Subhashree Ganguly (born 3 November 1990) is an Indian actress, model and the winner of Anandalok Nayikar Khonje 2006. She is the highest paid actress of Bengali cinema.

She made her acting debut in 2008 with the Odia comedy drama film Mate Ta Love Helare and subsequently made her debut in Bengali films with Pitribhumi, in which she played a supporting role. Her first starring role in a Bengali film Bajimaat.  After this she had Bengali films like Challenge, Paran Jai Jaliya Re(2009), Romeo, Khokababu (2012), Khoka 420 (2013), Boss, Game, Ami Shudhu Cheyechi Tomay (2014), Abhimaan, Boss 2: Back to Rule (2017), Nabab (2017), Chalbaaz (2018), Parineeta (2019).

Early life and background 

Subhashree Ganguly was born on 3 November 1989 at Bardhaman, West Bengal, India to Bina and Debaprasd Ganguly. Her mother Bina Ganguly is a house wife and her father Debaprasad Ganguly was a school clerk.  She studied at Burdawan Municipal Girl's.
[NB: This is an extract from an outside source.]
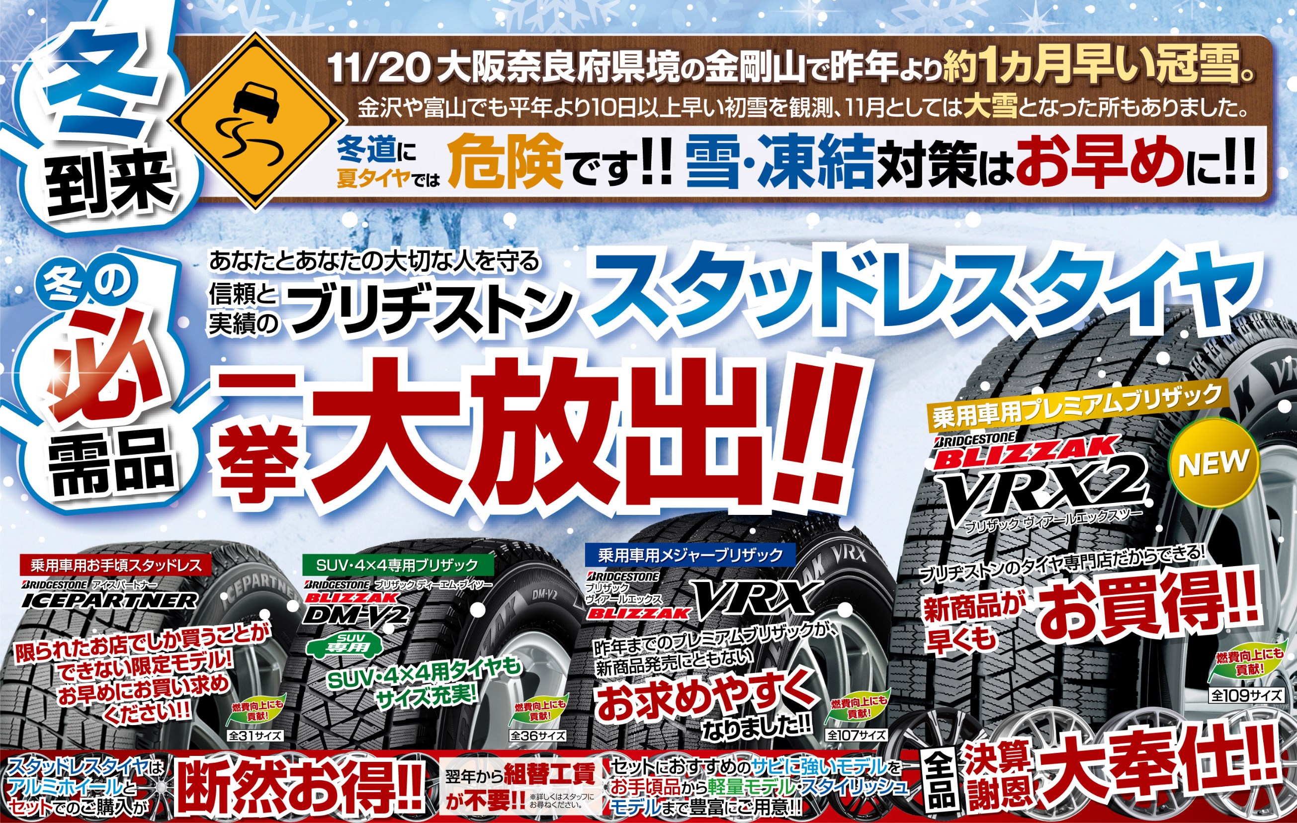 当店WEBをご覧いただき誠にありがとうございます。 最近すごく寒い日が続いていますが皆様、冬の準備、年末年始の準備はお済でしょうか? 只今【タイヤ館岩出】では12月10日(日)まで【決算セール】を開催致しております。 半年に1度の決算セールの為、お客様のご期待にお応えできるよう頑張ります...
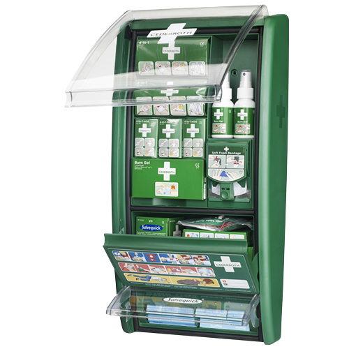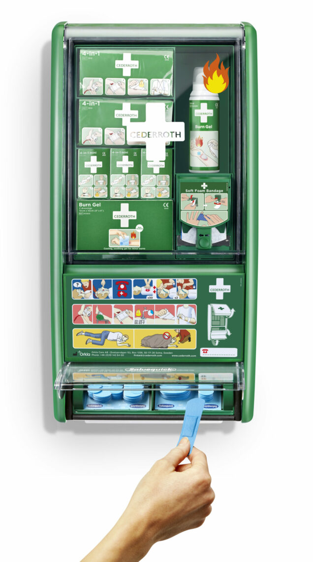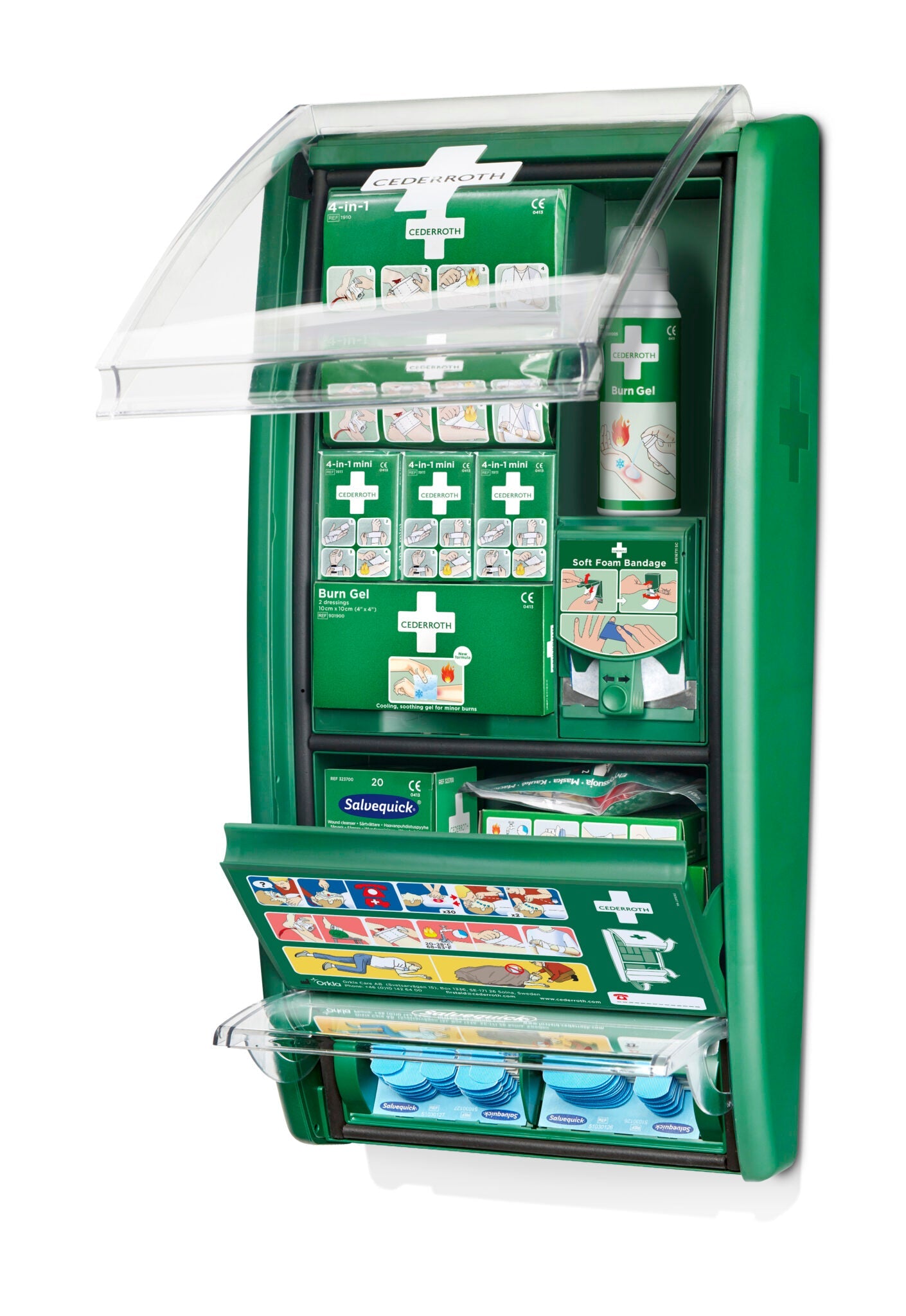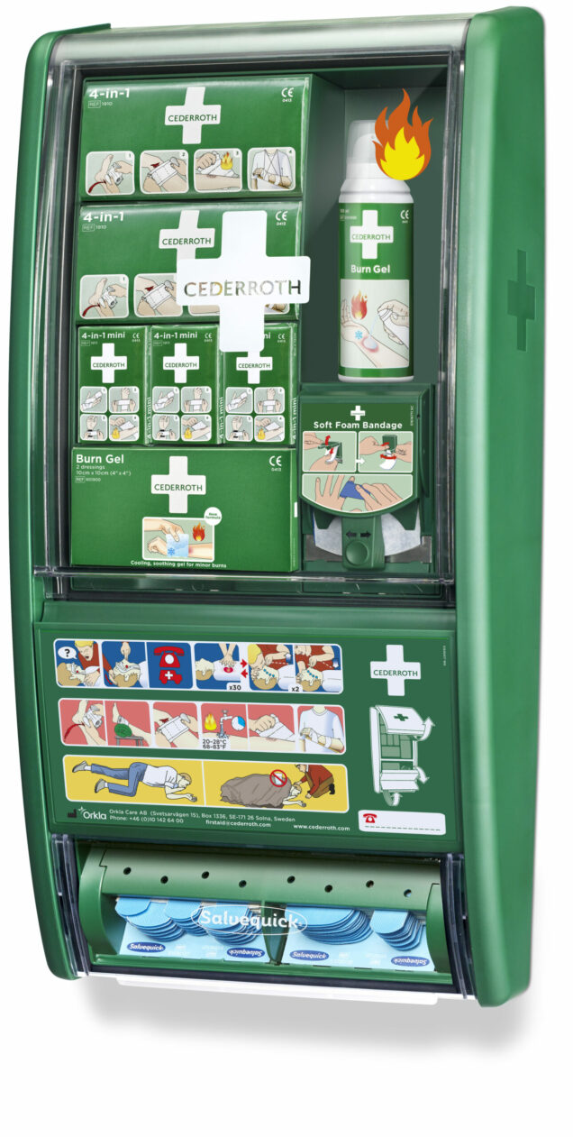 Cederroth Førstehjælps- og Brandsårsstation giver dig alt, hvad du behøver til at håndtere brandsår og snitsår på arbejdspladsen. Dette professionelle basissæt leveres i et praktisk skab, klar til ophængning, og inkluderer produkter med tydelige instruktioner, herunder Cederroth Burn Gel Dressing og Cederroth Burn Gel, der hurtigt lindrer smerter og køler ved brandsår. Desuden medfølger Cederroth Burn Cover sårpuder med kølig hydrogel til mindre brandsår, snitsår og hudafskrabninger. Stationen indeholder også det effektive elastiske plaster Cederroth Soft Foam Bandage Blue, der forbliver siddende, selv ved kontakt med vand. Med en nøgle til genopfyldning, førstehjælpsvejledning og en førstehjælpsmaske er denne station en komplet og nem løsning til akut førstehjælp.

In 2006 she joined the television reality show Anandalok Nayikar Khonje and became the winner. After that she started her career as a model then she made her debut in film industry by an Oriya-film Mate Ta Love Helare in 2008, which was directed by Ashok Pati subsequently she made her debut in Bengali films with Pitribhumi, in which she played a supporting role.

Personal life 

In the year 2016 when Ganguly was filming Abhimaan, she had a relationship with the director of the film Raj Chakraborty. On 6 March 2018 they got engaged at Kolkata and were married on 11 May, at Bawali Rajbari. On 12 September 2020 she gave birth to a baby boy.

Career 

After winning Anandalok Nayikar Khonje in 2006, Subhashree made her debut in Oriya films with Mate Ta Love Helare. Subsequently, she made her debut in Bengali films with Pitribhumi, in which she played a supporting role.

She rose to prominence after working with Bengali film actor Dev in films such as Challenge, Khokababu, Khoka 420, Romeo, Paran Jai Jaliya Re  and the unreleased Dhumketu . Khoka 420 and Paran Jai Jaliya Re are ranked among the highest grossing Bengali movies.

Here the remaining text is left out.